* [WHAT YOU ARE ASKED TO DO]:
For the entries below, copy exactly the line that contains "From your start" through the line that contains "夏日炫酷款,AP 愛彼 皇家橡樹離岸26703黑面, JF廠", both ends included, and exclude all pictures.
### DATA FOR THE TASK
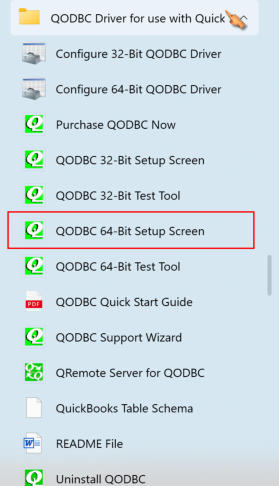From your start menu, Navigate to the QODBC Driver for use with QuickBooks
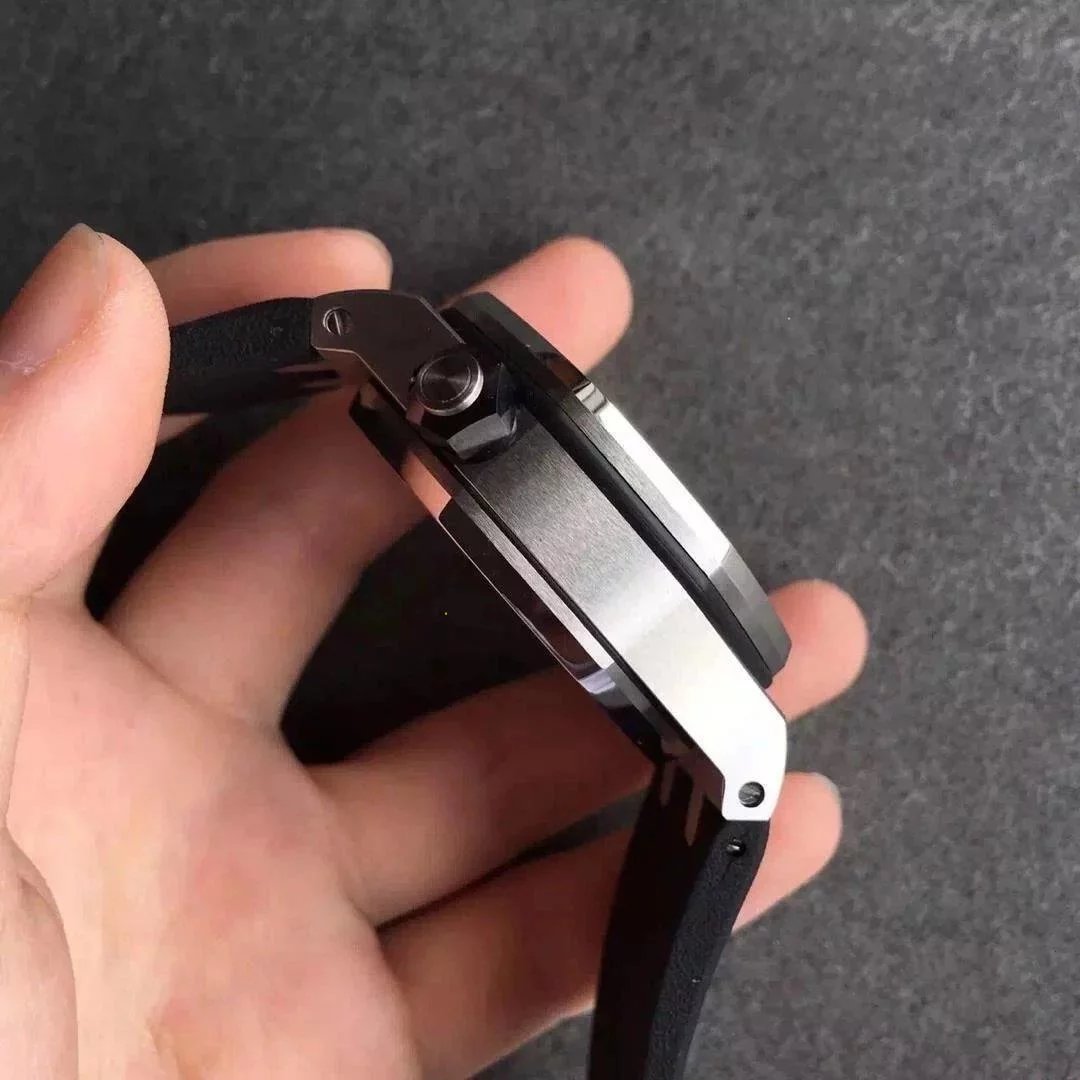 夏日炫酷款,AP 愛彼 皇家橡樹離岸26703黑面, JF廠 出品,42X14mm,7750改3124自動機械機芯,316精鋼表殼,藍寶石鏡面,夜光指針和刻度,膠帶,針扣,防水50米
######
### DATA FOR THE TASK
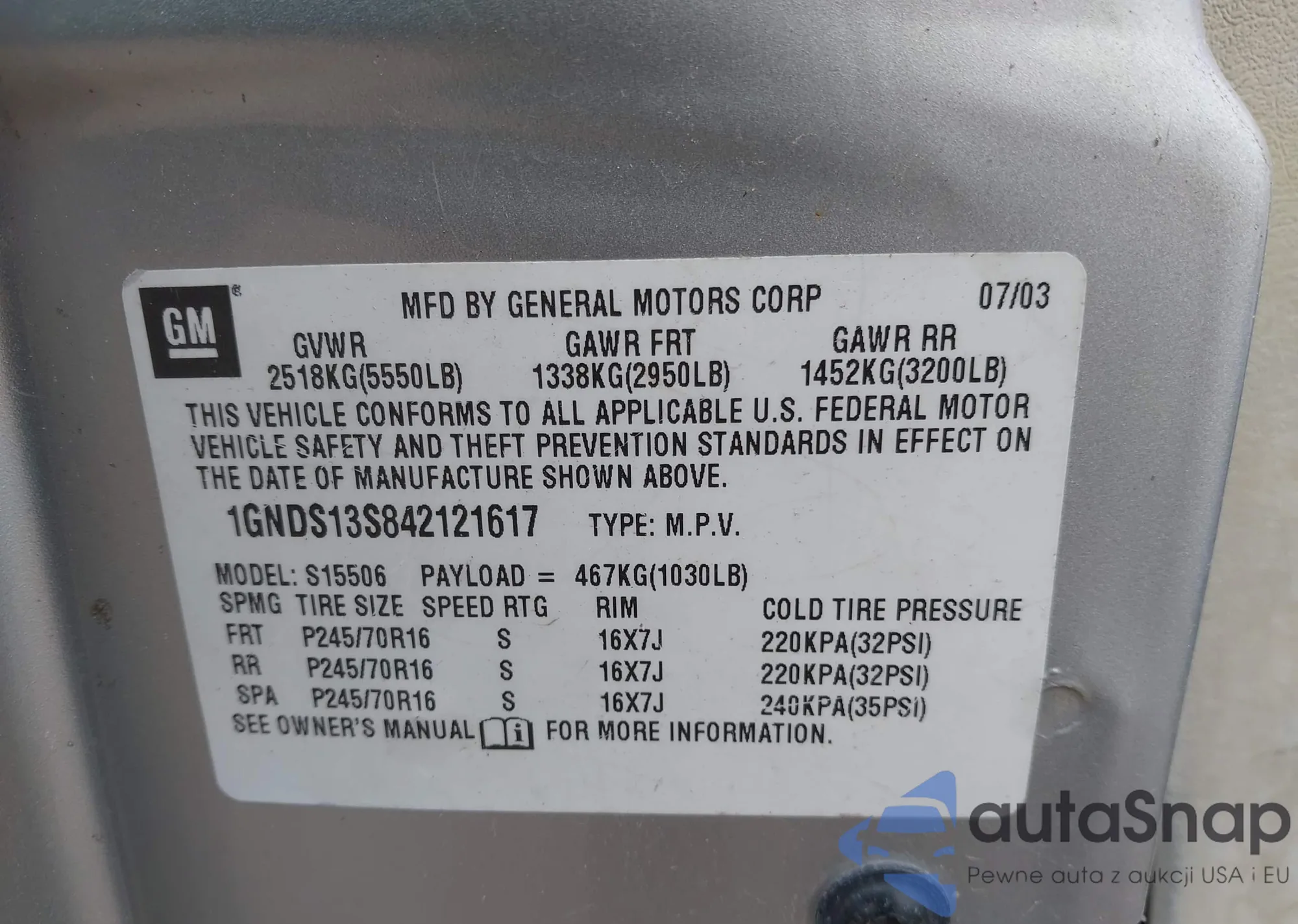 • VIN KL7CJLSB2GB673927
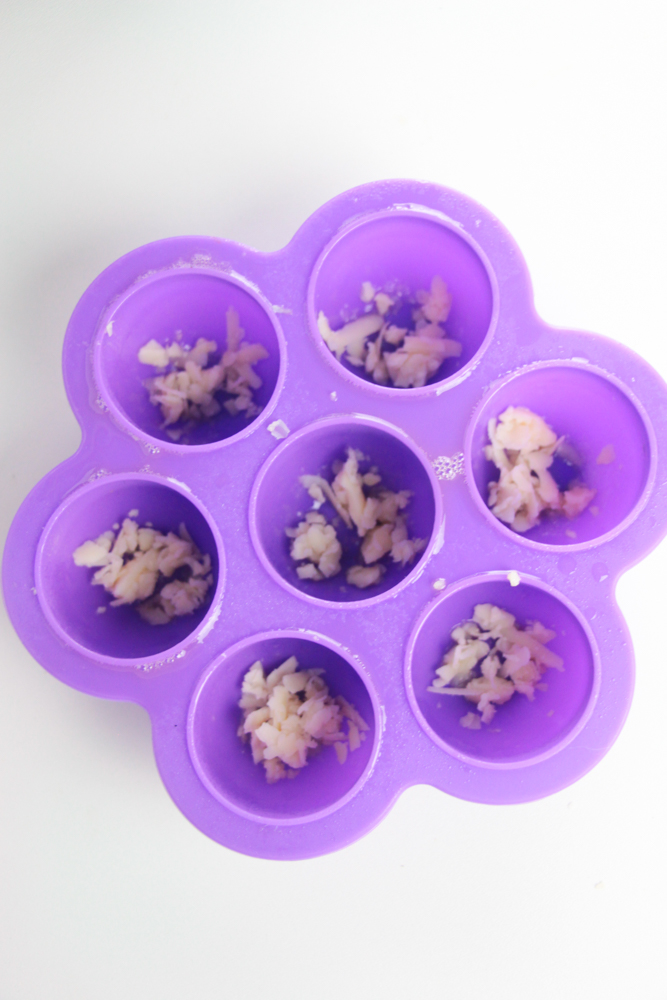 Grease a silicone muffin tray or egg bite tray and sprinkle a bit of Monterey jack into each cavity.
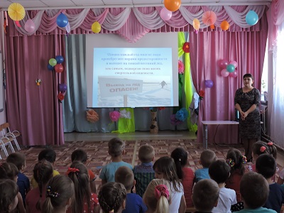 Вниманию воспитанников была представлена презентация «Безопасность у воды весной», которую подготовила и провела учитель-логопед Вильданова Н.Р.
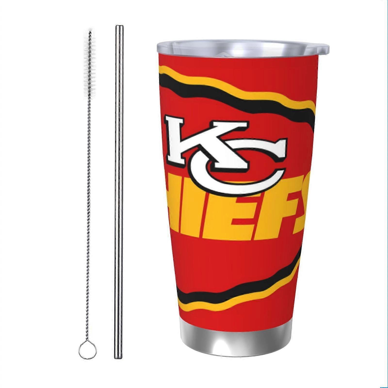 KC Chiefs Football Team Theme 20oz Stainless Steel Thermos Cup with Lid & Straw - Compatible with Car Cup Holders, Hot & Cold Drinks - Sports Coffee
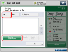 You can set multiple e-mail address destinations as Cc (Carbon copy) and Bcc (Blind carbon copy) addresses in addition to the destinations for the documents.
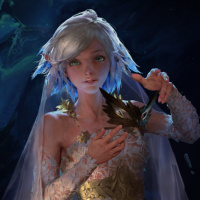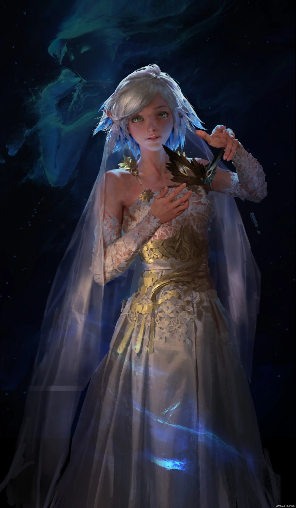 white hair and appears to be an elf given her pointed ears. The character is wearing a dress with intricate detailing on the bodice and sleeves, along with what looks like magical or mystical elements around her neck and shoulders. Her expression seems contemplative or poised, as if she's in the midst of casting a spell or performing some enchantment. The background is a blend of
######
* [WORKED SOLUTION]:
From your start menu, Navigate to the QODBC Driver for use with QuickBooks
 夏日炫酷款,AP 愛彼 皇家橡樹離岸26703黑面, JF廠 出品,42X14mm,7750改3124自動機械機芯,316精鋼表殼,藍寶石鏡面,夜光指針和刻度,膠帶,針扣,防水50米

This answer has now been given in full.